Infinite product of $1-q^{n^2}$

Following up on Sam's comment, A001156 in the OEIS gives the number of partitions of $n$ into squares; that generating function is the reciprocal of your product. There's an equinumerous type of partitions given: partitions of $n$ where each part $k$ occurs a multiple of $k$ times (which contributes a multiple of $k^2$ to the weight). You might look through the links and formula entries for the sequence to see if they lead to anything that interests you.

Write $\theta(q)=\sum_{n \in \mathbb Z} q^{n^2}$. Taking logarithms, we get that the logarithm of your function is

$\sum_n \ln(1-q^{n^2}) = -\sum_n \sum_m \frac 1 m q^{n^2m} = -\sum_m \frac 1 m \frac {\theta(q^m)-1} 2 = \frac 1 2 \sum_{m=1}^\infty \frac {1 - \theta(q^m)} m$.

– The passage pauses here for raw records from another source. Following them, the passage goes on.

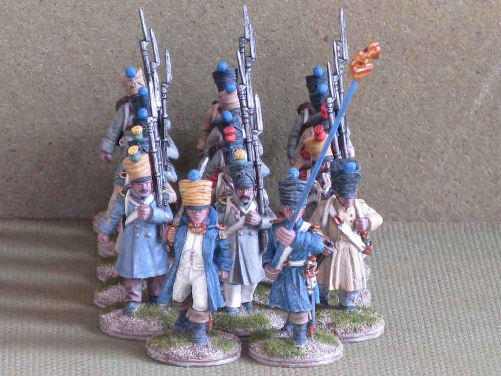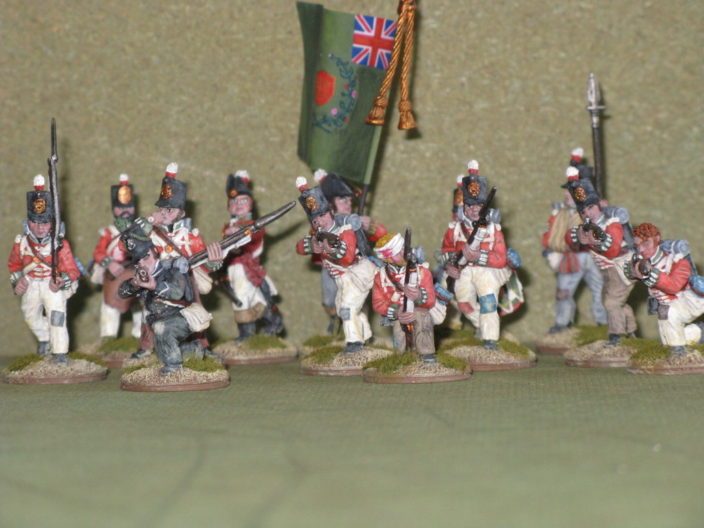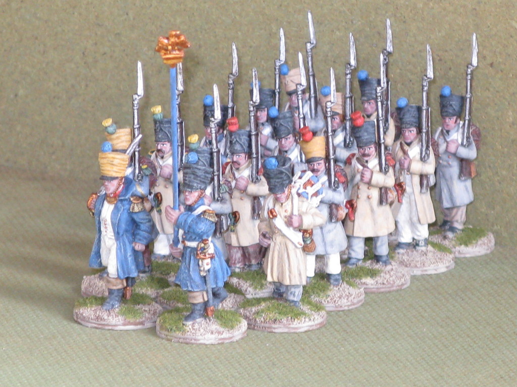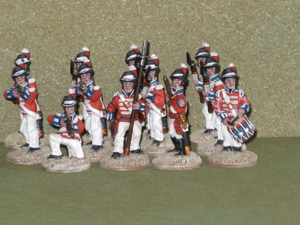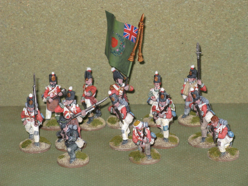 Miniature 28mm. in plastica della Perry Miniatures ad eccezione dell'Ufficiale, del portabandiera e del tamburino che sono pezzi in metallo della Front Rank.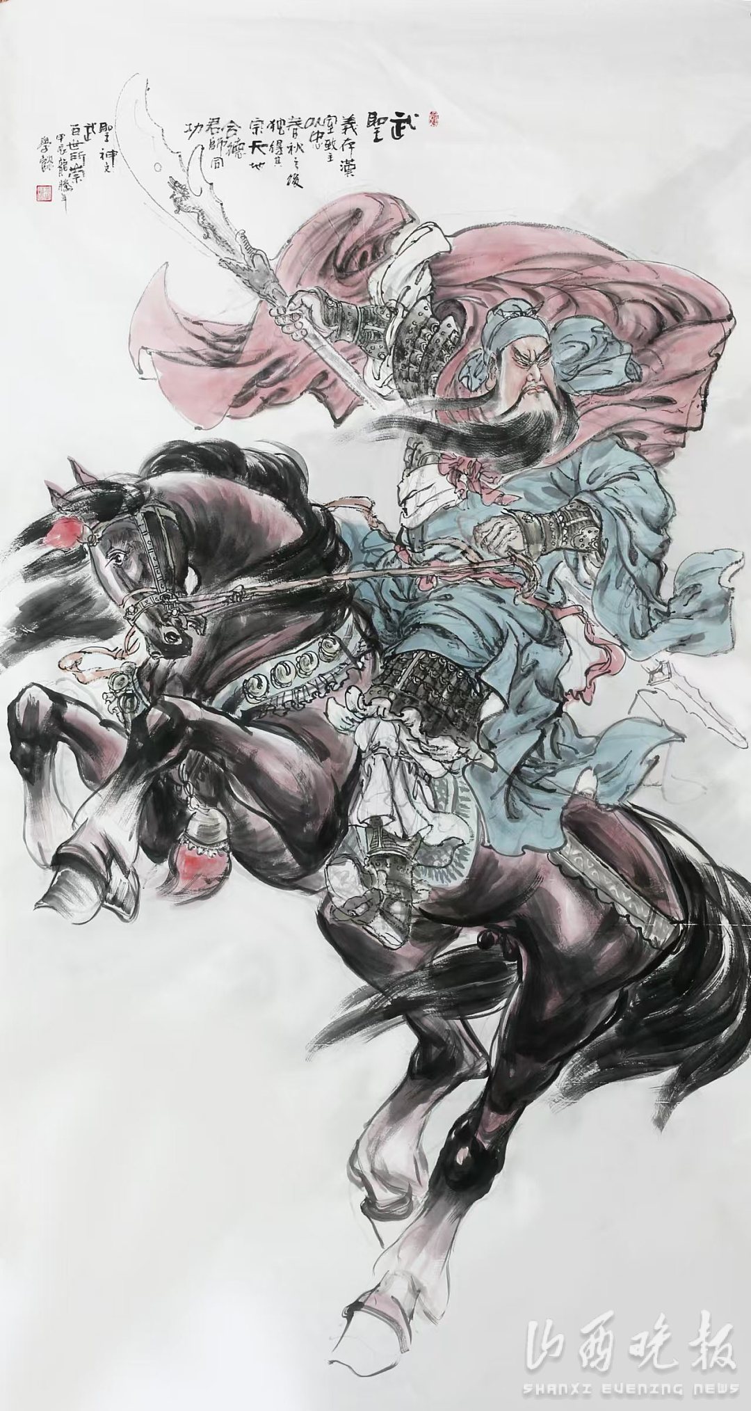 裴学懿,1952年出生,他生长于关公故里,对关公情有独钟。裴学懿先生的人物画创作,带有鲜明的时代烙印,朴拙的笔墨渲泄着对平凡生活的热爱。他所塑造的关公形象生动威武、神采飞扬,既有历史的厚重感,又具现代的审美风尚。画面气韵沉雄、墨彩律动的视觉张力,让读者有身临其境的穿越之感。
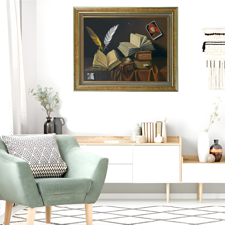 Cm. 60 x 80 (cm. 78 x 98 con bella cornice lignea del tempo lavorata a foglia d'oro). Firmato e datato in basso a sinistra. Olio su tela. Trascurabili segni del tempo, peraltro cornice e dipinto in ottimo stato di conservazione. Opera corredata di certificato di autenticità della Galleria L'Artistica di Genova che trattava in esclusiva le opere del pittore genovese e archiviata il 18/01/2000 presso la medesima galleria al nr. 067 STB/1-054. Stupenda natura morta metafisica a soggetto librario dedicata esplicitamente (come si evince dal titolo autoriale e dal ritratto dell'artista dedicatario presente in alto a destra) al grande pittore fiammingo Jan van Eyck (1390-1441), artista di fama internazionale caratterizzato da un inconfondibile stile incentrato su una resa analitica della realtà. Van Eyck fu incline a dipingere sovente soggetti librari e fu anche il perfezionatore della tecnica della pittura ad olio, che gradualmente sostituì in Europa l'uso del colore a tempera. Stupenda natura morta metafisica a soggetto librario di Bruno Stobbione (1926-1996), raffinato artista genovese che studiò al Liceo Artistico, si diplomò all'Accademia Ligustica di Belle Arti di Genova e fu allievo del grande Gregorio Sciltian. Ha al suo attivo 53 mostre personali e molte partecipazioni a manifestazioni in Italia e all'estero dove ha sempre ottenuto così grandi successi di critica e di pubblico da essere considerato uno dei massimi esponenti internazionali del “Realismo Magico” insieme, tra gli altri, a Gregorio Sciltian, Alfredo Serri, Celada da Virgilio, Cagnaccio di San Pietro, Antonio Donghi, Mario Broglio e Ubaldo Oppi ecc. Il suo stile nelle nature morte sembra tendere al surrealismo per quanto riguarda la composizione e all'Iperrealismo nella forma. Si nota una volontà di riportare sulla tela oggettivamente, con fredda lucidità, gli elementi dei suoi bizzarri pastiches. Stobbione è in possesso di una notevole tecnica, che ricorda la pittura fiamminga, nella precisione con cui riproduce i vari materiali e gli effetti della luce incidente su di essi. Nonostante la sua oggettiva evidenza e pur evitando effetti atmosferici troppo accentuati, la tecnica di Stobbione è tale da inserire in modo naturale gli oggetti nello spazio, con una continuità e indefinitezza di contorni. “I colori dalle preziosità che si stemperano in luce, penombra e ombra, mettono particolarmente in risalto la partecipazione intensa di Stobbione al mondo delle cose: egli ci rivela quanto vibrante e ricco d'ispirazione possa essere un libro antico composto assieme ad un drappeggio […] lo spazio in vastità scandita su cui far scivolare lo sguardo e tramutarlo in sogno” (G. Jelenkovic). “Il Realismo magico di Bruno Stobbione si riconnette a quello di Sciltian, aggiungendovi un pizzico di surrealtà alla Dalì ed un altro modesto accenno dechirichiano” (Franca Bissoni). Bibliografia: Annuario Comanducci, 88; Catalogo Bolaffi, Volume “Pittura e scultura d'oggi in Liguria”, 1970; Catalogo illustrato d'arte moderna, Milano, 1971; L'arte Contemporanea in Italia, Roma 1971; Traguardi dell'Arte '70, Roma 1972; Enciclopedia Internazionale Artisti Contemporanei, Roma 1970; Pittori Scultori Critici e Collezionisti, Roma 1971-72; Selezione biennale d'arte di pittori italiani, Torino 1972; Enciclopedia dell'arte contemporanea, Pavia 1973; American book on italian painting, Milano 1971 .
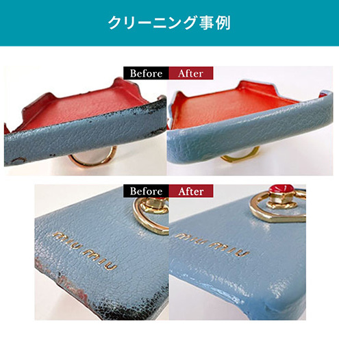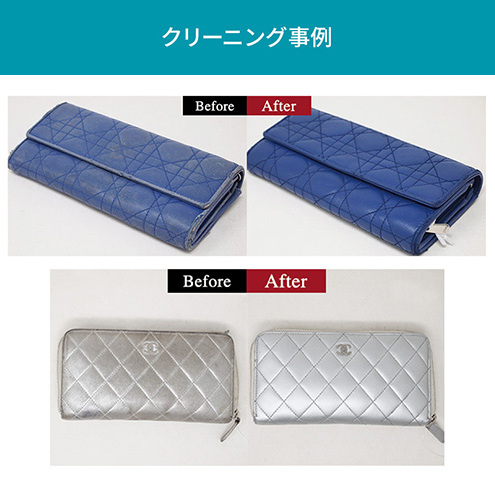 財布・小物のクリーニング、キズや擦れの修復、色補正、仕上までの全てがセットになったコースです。

Let $m$ be a positive integer. Let $f_{m}(z)=\prod_{k=1}^{\infty}(1-z^{k^{m}})$. Then $f(z)$ is analytic in the disk $\{z:|z|<1\}$ and satisfies the following functional equation:

$$\prod_{j=1}^{\infty}f_{m}(z^{j^{m}})^{\mu(j)}=1.$$

Here $\mu$ denotes the Mobius Mu function which is defined by setting $\mu(M^{2}N)=0$ whenever $M,N$ are positive integers with $M>1$ and $\mu(p_{1}\dots p_{s})=(-1)^{s}$ whenever $p_{1},\dots,p_{s}$ are distinct primes.